During the town hall presentation that just premiered on youtube @john spoke again about reworking the Storj economic model including the economic incentive model for node operators.
However, no details on a direction for these changes were provided, yet feedback was requested. Alright… I guess shooting in the dark it is then (for now).
I want to address a few things:
- Storj currently runs at a loss, subsidizing both storage and egress
- Demand for Storj DCS is growing rapidly
- What does “sustainable” mean in this context
First off, lets look at the current situation.
Storj currently charges the following for their services
$4 per TB of storage per month
$7 per TB of egress per month
Storj currently pays node operators the following
$1.50 per TB of storage per month
$20 per TB of egress per month
$10 per TB of audit/repair egress per month
Going by the median healthy pieces count (mean is unfortunately, not provided in stats, we can calculate an expansion rate of 66/29=2.28x. This leads to a cost per TB of customer data of $1.50*2.28=$3.41.
Additionally, about 5% of data needs to be repaired per month. Adding 5%*$10=$0.50 of extra costs for repair of static storage. Plus additional costs of egress by repair workers.
So, that leads to a profit for Storj labs of
Per TB storage: $4 - $3.41 - $0.50 = $0.09 (without taking account egress costs for repair workers hosted in the cloud)
Per TB egress: $7 - $20 = $-13
In short, Storj runs at a significant loss currently for both egress and storage (if you take repair egress costs of repair workers into account). And this doesn’t take into account compute costs or pesky things like having to pay salaries pay for buildings and other costs of running a business. Nor does it take into account payouts for partner programs.
Alright, let’s move on to the second point. Demand for Storj DCS is growing. That’s great news, but it also means at the current pricing model Storj Labs gets the lovely reward of running even bigger losses! Yaay!
Furthermore the wording during the town hall presentation suggested demand is growing faster that storage availability (my interpretation, this wasn’t specifically mentioned, but hinted at).
If that’s the case, Storj Labs is in a bit of a pickle here. They can’t exactly do nothing or the losses will grow and they will burn through token reserves faster and faster. But they also can’t really start paying node operators less and risk losing supply (and triggering large amounts of repair).
They also can’t start raising prices for customers as that is one of the main reasons Storj DCS is starting to see so much traction.
And for further context since last quarter 3 out of 8 tranches of long term token supply owned by Storj Labs have been unlocked. The token value has dropped and this means Storj Labs is burning through those reserves faster as well.

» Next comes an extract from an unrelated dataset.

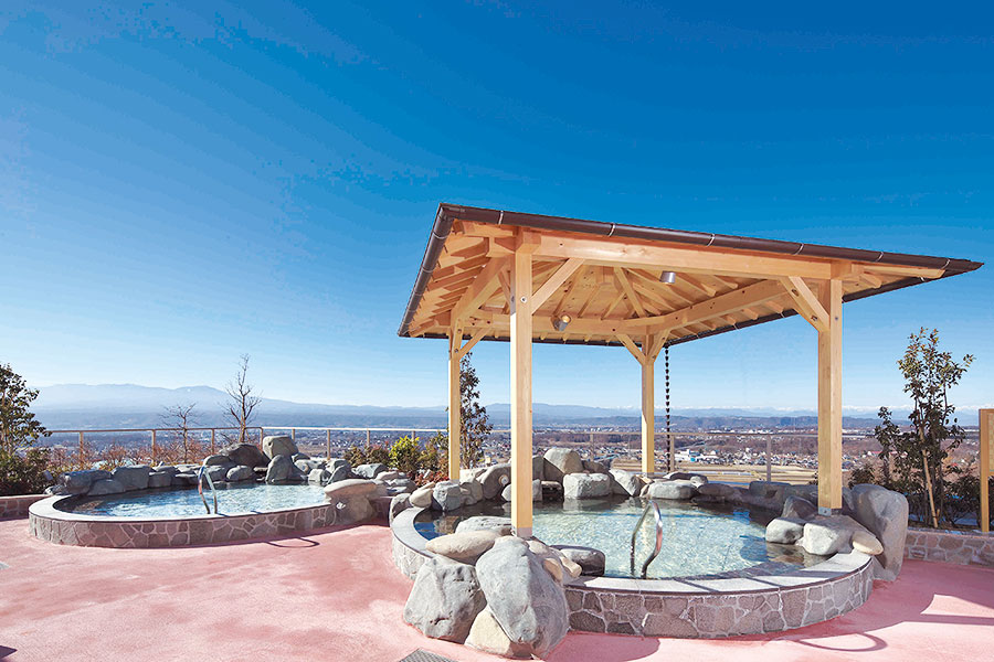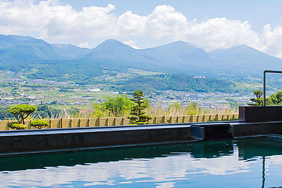 露天風呂やサウナから浅間山と小諸市内が一望できる日帰り温泉。大人数のグループや、家族と一緒にゆったりと。

So what does this “sustainable” future mean then?
In my opinion there is no way this new model isn’t going to suck for node operators. We all knew this was coming ever since the massive price drops for customers were announced. But growing demand for the service and lower STORJ value have moved that inevitable moment a lot closer. I think we as node operators should start discussing what we would find reasonable. Without a starting point from Storj Labs to discuss about, I’m just going to throw out numbers that may not even work for Storj Labs (the margins for this shot in the dark are much lower than they were before the customer price drop).
Possible future payouts:
$1 per TB stored
$5 per TB egress (including repair/audit)

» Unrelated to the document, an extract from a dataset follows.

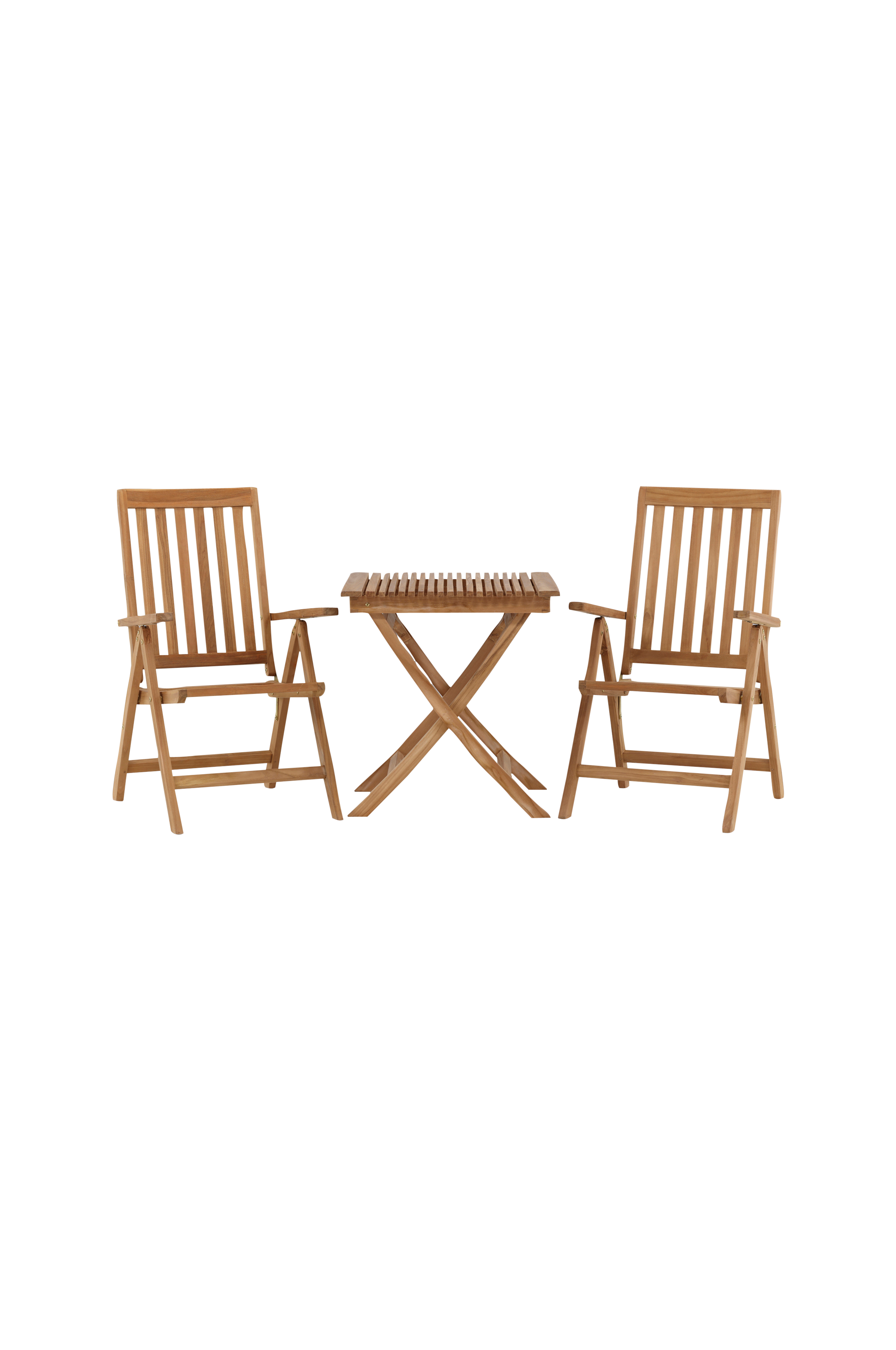 Ajaton ja muodikas - ruokailuryhmä, joka tekee vaikutuksen! Ghana-ruokapöydässä on sievä design kaunista tiikkiä ja se on kokoontaitettava, joten sen siirtäminen ja säilyttäminen on helppoa. Mukana Kenya-sarjan hienosti yhteensopivat ruokapöydän tuolit, myös tyylikästä tiikkiä. Tuolit voi taittaa optimaaliseen asentoon rentoutumista varten, ja niissä on miellyttävät käsinojat. Täydellinen kahvilaryhmä kesän aurinkoisiin kahvihetkiin!

This would drop payouts on my largest node by 55%. Without a starting point provided by Storj Labs themselves… let’s just discuss what this (optimistic) shot in the dark would mean for our setups. Can we still afford to run our nodes, would it still be worth it?
Further considerations
- Since more supply might be needed short term, surge payouts should be more frequently used to subsidize SNO’s in times of high demand compared to supply. Furthermore, surge payouts could be used to ease transition into the new payout scheme. Starting at 200% to almost match the previous payouts. Perhaps dropping by 5% each month. The surge feature would give Storj Labs a knob to turn play with to gather supply when needed, while the minimum normal payouts give node operators a guaranteed minimum payout level to scale their setups to.
- Incentives to prevent repair should be implemented: Eg. weighted selection of nodes for upload, preferring nodes that triggered less repair in the past. Payout penalties to nodes that triggered repair in the payout month. Not paying for storage during offline time for nodes. These changes should hopefully lower the amount of repair needed, which is also why I didn’t lower the repair egress as much in the wild guess for payouts above. Also, egress is egress, it doesn’t really make sense for node operators that some egress is paid more than other.
@john: Sorry if I’m pre-empting planned discussions. But as you can imagine, this is of great concern to us node operators. Many of us have invested in setups and we need to start figuring out whether the possible future still makes sense with our setups. Please feel free to correct any (of the many) assumptions I made here.